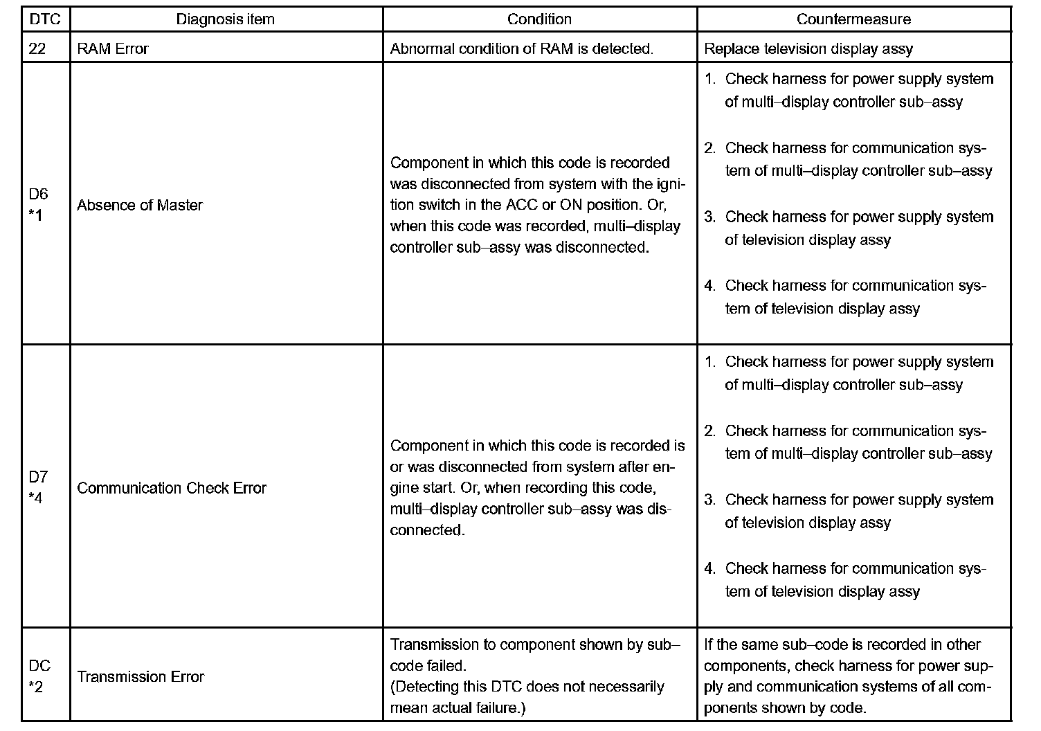 DIAGNOSTIC TROUBLE CODE CHARTHINT: DTCs of the main AVC-LAN circuit are displayed on the radio receiver assy, and DTCs of the sub AVC-LAN circuit is displayed on the multi-display controller sub-assy.
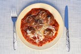 White sauce base. Mozzarella cheese, eggplant, marinara sauce, ricotta cheese, parmesan cheese & fresh basil.
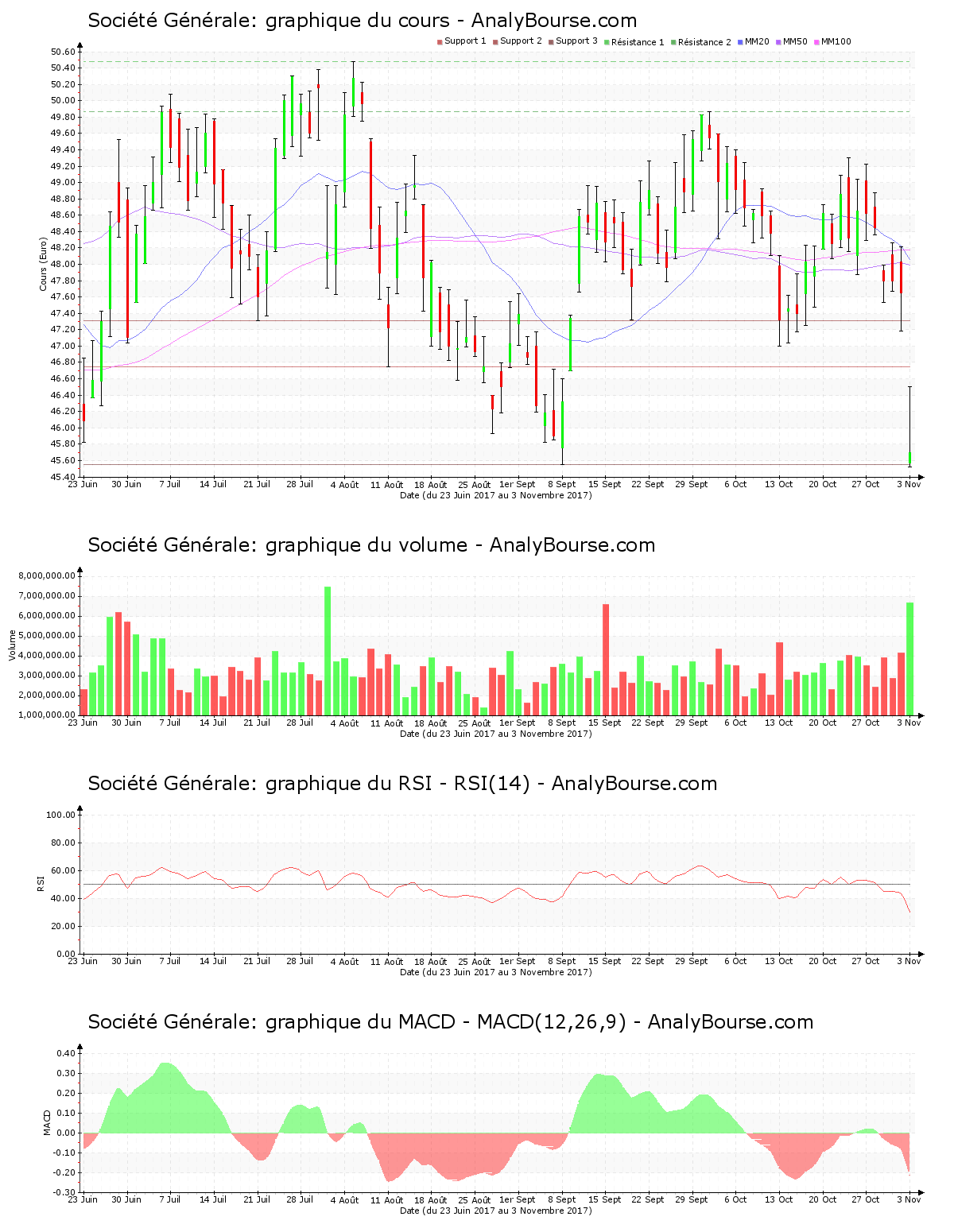 Avec un cours en régression de 6.01%, le parcours est remarquablement négatif ces derniers jours pour l’action Société Générale. Cette dernière s’écroule à présent de 2.920 €, évoluant de 48.620 € à 45.700 € ces cinq dernières séances de cotations. Société Générale était plutôt stable la semaine dernière. Le mouvement baissier reprend donc ces cinq derniers jours de cotations. Le cours a franchi le support des 46.750 € cette semaine. Le support suivant se place à 45.550 €. Constatons, avec un pourcentage de 7.36% qui éloigne cette semaine les extrêmes, une manifeste fébrilité sur Société Générale. Enfin, le cours a supporté également un gap à la baisse cette semaine hier.
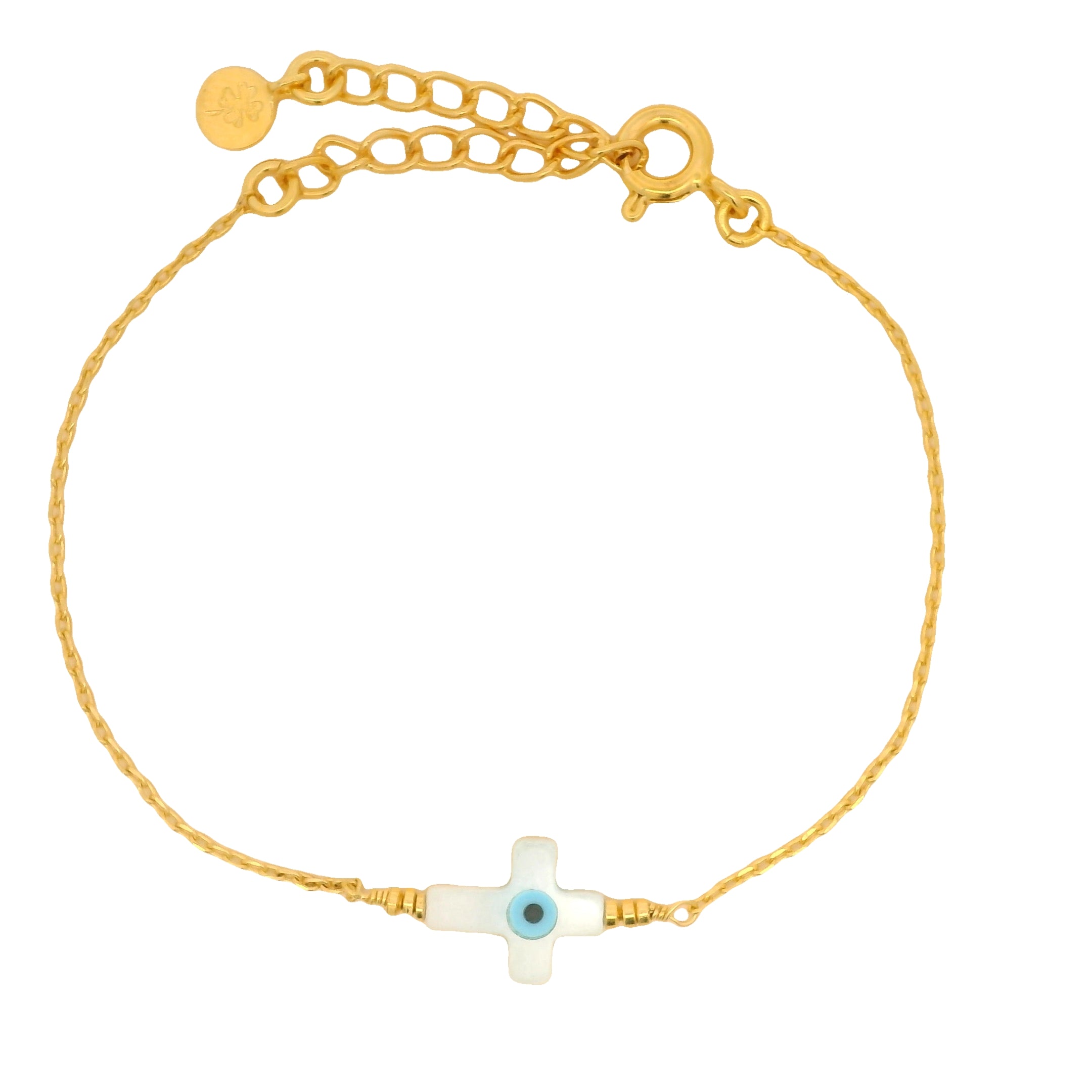 Bracelet doré avec croix oeil en nacre et disques dorés

════

[PROBLEM DETAILS]:
Write out exactly the lines that run from the top of the listing above to the line containing "White sauce base.", both ends included. Omit every picture.

[RESULT OF THIS TASK]:
 DIAGNOSTIC TROUBLE CODE CHARTHINT: DTCs of the main AVC-LAN circuit are displayed on the radio receiver assy, and DTCs of the sub AVC-LAN circuit is displayed on the multi-display controller sub-assy.
 White sauce base. Mozzarella cheese, eggplant, marinara sauce, ricotta cheese, parmesan cheese & fresh basil.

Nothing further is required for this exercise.